Cannon & Acosta, LLP, Huntington Station, N.Y. (June Redeker and Garren Small of counsel), for appellant. Lewis Johs Avallone Aviles, LLP, Riverhead, N.Y. (Tara M. Higgins of counsel), for respondent.
In an action to recover damages for personal injuries, the plaintiff appeals from (1) an order of the Supreme Court, Suffolk County (Pitts, J.), entered January 10, 2011, which granted the defendant's motion for summary judgment dismissing the complaint, and (2) a judgment of the same court entered April 11, 2011, which, upon the order, is in favor of the defendant and against him dismissing the complaint. The notice of appeal from the order is deemed also to be a notice of appeal from the judgment ( see CPLR 5501[c] ).
ORDERED that the appeal from the order is dismissed; and it is further,
ORDERED that the judgment is affirmed; and it is further,
ORDERED that one bill of costs is awarded to the defendant.
The appeal from the intermediate order must be dismissed because the right of direct appeal therefrom terminated with the entry of judgment in the action ( see Matter of Aho, 39 N.Y.2d 241, 248, 383 N.Y.S.2d 285, 347 N.E.2d 647).
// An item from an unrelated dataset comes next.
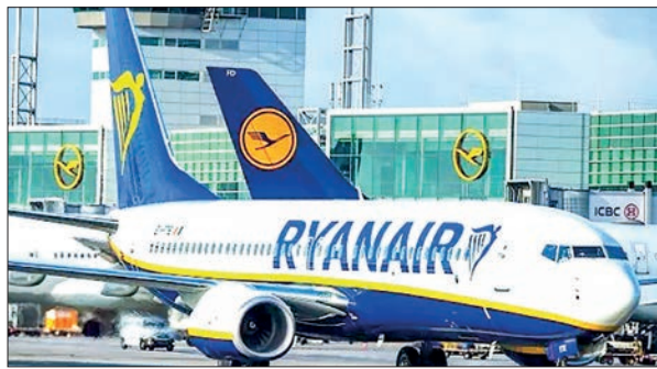
The complaint alleges that the budget airline is forcing customers to go through an invasive facial recognition process.

Noyb said the complaint came from a customer from Spain who booked a Ryanair flight through the Barcelona-based online travel agency eDreams and then received an email from Ryanair requesting her to complete a "verification process". The case was filed with the Spanish Data Protection Agency (AEPD).—AFP

The issues raised on the appeal from the order are brought up for review and have been considered on the appeal from the judgment ( see CPLR 5501[a][1] ).
The defendant established his prima facie entitlement to judgment as a matter of law by submitting proof that the plaintiff's violation of Vehicle and Traffic Law § 1143 by failing to yield the right-of-way was the sole proximate cause of the subject collision ( see Vainer v. DiSalvo, 79 A.D.3d 1023, 1023–1024, 914 N.Y.S.2d 236; Strocchia v. City of New York, 70 A.D.3d 926, 927, 894 N.Y.S.2d 531; Sanabria v. Paduch, 61 A.D.3d 839, 839–840, 876 N.Y.S.2d 874). In opposition thereto, the plaintiff failed to raise a triable issue of fact ( see CPLR 3212[b] ).
Accordingly, the Supreme Court properly granted the defendant's motion for summary judgment dismissing the complaint ( see Alvarez v. Prospect Hosp., 68 N.Y.2d 320, 508 N.Y.S.2d 923, 501 N.E.2d 572).